Days that felt like they weren’t going to end and I was so exhausted I could barely tolerate the idea of another day like that one. But my attitude and mindset were there for me to pivot and reframe what was happening.
And that leads me to the second lesson. Commitment is everything.

I think we have lost the powerful meaning of commitment in our society. I think that it has become so easy to replace things, and have something new come into view so quickly that we have forgotten the power of commitment.
Commitment is the pledging or promise of completion of something in the future. Even promise and pledge seem to have diminished in meaning it seems. Commitment means you keep going. You keep doing it - whatever it is. Commitment is when it no longer matters how you feel in the short term to arrive at what you are working toward in the long term.

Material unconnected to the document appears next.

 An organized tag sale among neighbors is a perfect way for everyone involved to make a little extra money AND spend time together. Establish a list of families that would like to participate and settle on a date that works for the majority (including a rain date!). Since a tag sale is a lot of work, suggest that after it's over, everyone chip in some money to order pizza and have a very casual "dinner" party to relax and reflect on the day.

It’s what Ray Dalio speaks about when he says to make decisions based on the secondary result, not the primary one.
It’s what Tony Robbins talks about when he says burn the boats, or resolve.

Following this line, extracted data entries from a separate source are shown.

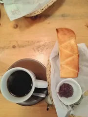 定番のモーニング、これですよね😄 このトースト、めっちゃ美味しそうです。 バターがいい感じ🤩
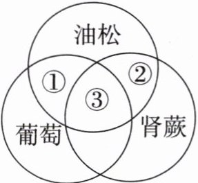 B 解析:油松属于裸子植物,葡萄属于被子植物,肾蕨属于蕨类植物,因此,①可以表示有种子,②可以表示无果实,③可以表示有根、茎、叶。
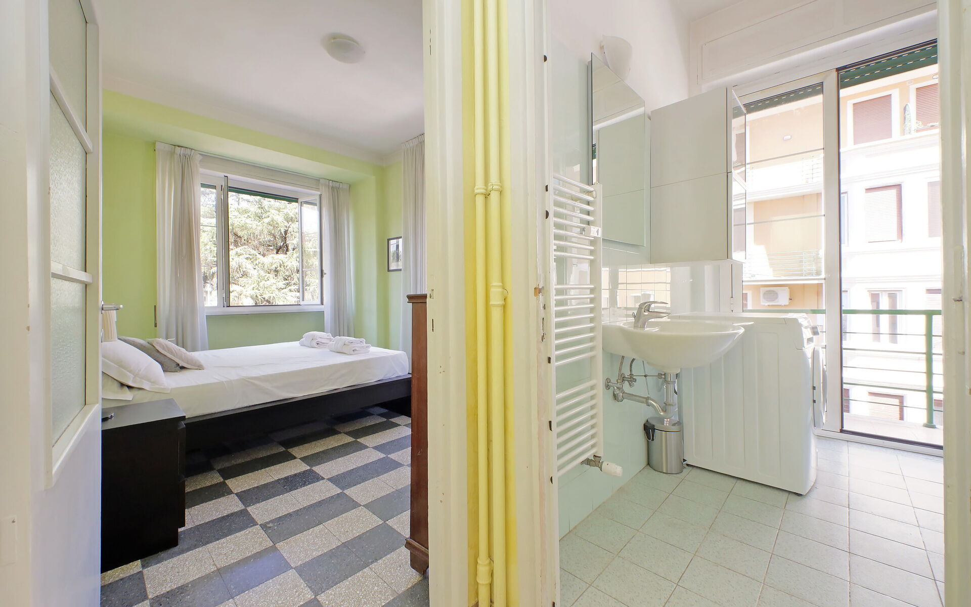 The apartment is located in the Bologna-Nomentana neighbourhood, in a strategic position to reach Villa Torlonia and Via Nomentana.

It means you wake up in the morning and you go work out even when in that moment what you really want to do is stay in bed.
It means you keep telling yourself the truth of “this to shall pass” even when you want to sink to the floor because every second feels like an eternity.
It means you do it anyway. Even when you don’t feel like in that moment because you KNOW you HAVE to to keep going.
It means you decide to do it for yourself AND for the people you love.
Commitment was a powerful lesson from COVID. It asked me, sometimes multiple times in an hour, are you going to do what needs doing or are you going to give up?
My commitment through COVID was the same I think I’ve always had. I will get through this, I will figure it out and it will be ok. I just didn’t realize how badly I NEEDED to commit to those ideas. The commitment to that mindset is what allowed me to keep giving myself self-care even when I just wanted to stay in bed.
It was the commitment to that mindset that allowed me to stand back up when I fell. And guys I had some falls.
Commitment and mindset don’t mean you don’t struggle. It just means you don’t let the struggle stop you.
And this leads me to lesson number 3. There is no finish line.
Let me explain what that means. It means you aren’t waiting for some great “arrival” when “bad” things stop happening. You can put in a lot of work to change, and grow and you WILL see progress. You will.

But that doesn’t mean you hit a time in your life when everything just gets easy and there are no more struggles. You might deal with your struggles better, but if you are waiting to not have them at all you are going to wait forever.
That’s just not how this game is played y’all. There is no finish line. You don’t cross a threshold and things don’t bother you anymore.
You are human. Things are going to bother you.
How you handle them will change.
How you feel about them will change.
The fact that they still happen will not.
That means these strategies of self-care don’t stop. It means commitment doesn’t go away, it may just shift.
It means that we are always going to be readjusting how we are engaging with the circumstances of our lives.
Some days we can be reminded of an issue or trigger we had in the past that we thought was long gone, and instead we find it raise it’s head again. It can come out of no where and make you feel like you haven’t made progress. But I assure you, you have. It’s just that life doesnt have a finish line. We will always need to engage then rebalance, then engage again. Balance is a tight rope, it’s a readjustment that never really stops.
And that’s ok. That spirally growth is helps us reach to the next level without forgetting where we have come from. And all three of these lessons are always true. I just found out how true they were through these last 12 months.
So what about you? What lessons have you had through COVID? What has helped you?
What has been hard or even felt impossible at times? We all have something to take out of this time. Finding the lesson ensures the time isn’t wasted.